■ **REQUIREMENT**: An exact copy of the listing below is required, minus its pictures.

■ **INFORMATION PROVIDED**:
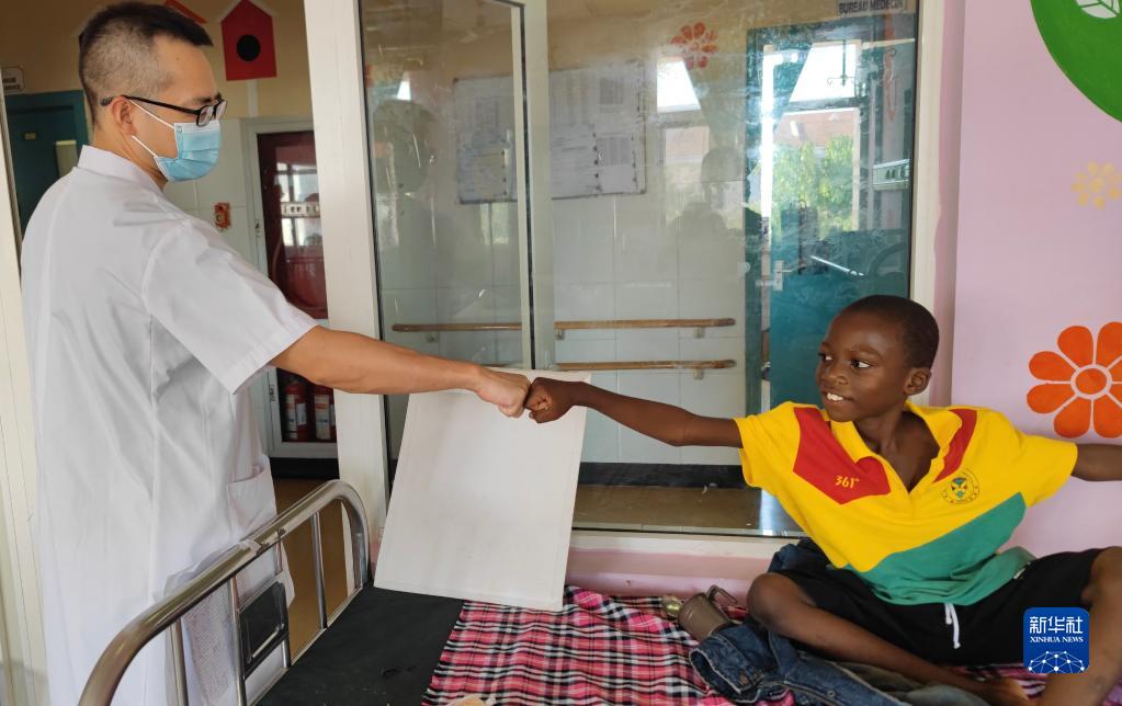 2月23日,在塞內加爾迪亞姆尼亞久兒童醫院,中國第19批援塞內加爾醫療隊內科醫生郭良華與患兒碰拳示意。
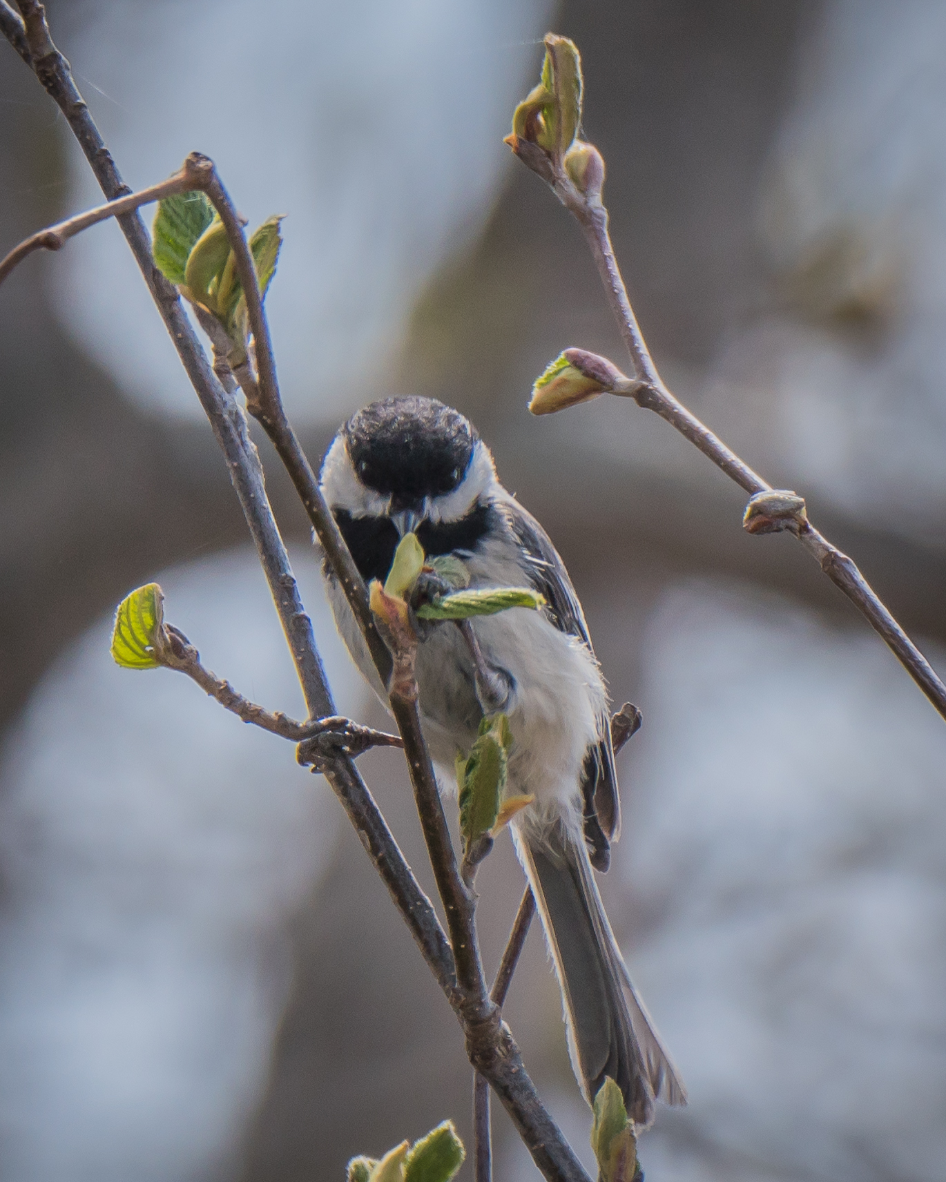 Breeding time requires lots of protein for birdies. So springtime is a perfect time to glean trees, shrubs etc for newly hatched insects (from eggs that over-winter in bud clusters.) Chickadees are omnivorous and stay around all winter, eating seeds (especially sunflower seeds at birdfeeders). Warblers are primarily, insectivores giving them a good reason to migrate, annually removing “pests” from vegetation all the way from South and Central America to Northern Ontario.
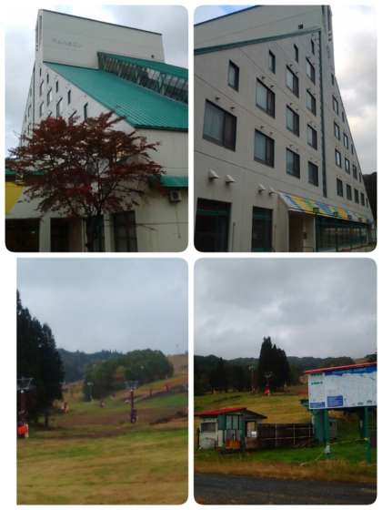 ホテルの外観です。すぐ裏はスキー場です。標高900m、明日の朝は冷え込みそうです。

■ **EXERCISE SOLUTION**:
 2月23日,在塞內加爾迪亞姆尼亞久兒童醫院,中國第19批援塞內加爾醫療隊內科醫生郭良華與患兒碰拳示意。
 Breeding time requires lots of protein for birdies. So springtime is a perfect time to glean trees, shrubs etc for newly hatched insects (from eggs that over-winter in bud clusters.) Chickadees are omnivorous and stay around all winter, eating seeds (especially sunflower seeds at birdfeeders). Warblers are primarily, insectivores giving them a good reason to migrate, annually removing “pests” from vegetation all the way from South and Central America to Northern Ontario.
 ホテルの外観です。すぐ裏はスキー場です。標高900m、明日の朝は冷え込みそうです。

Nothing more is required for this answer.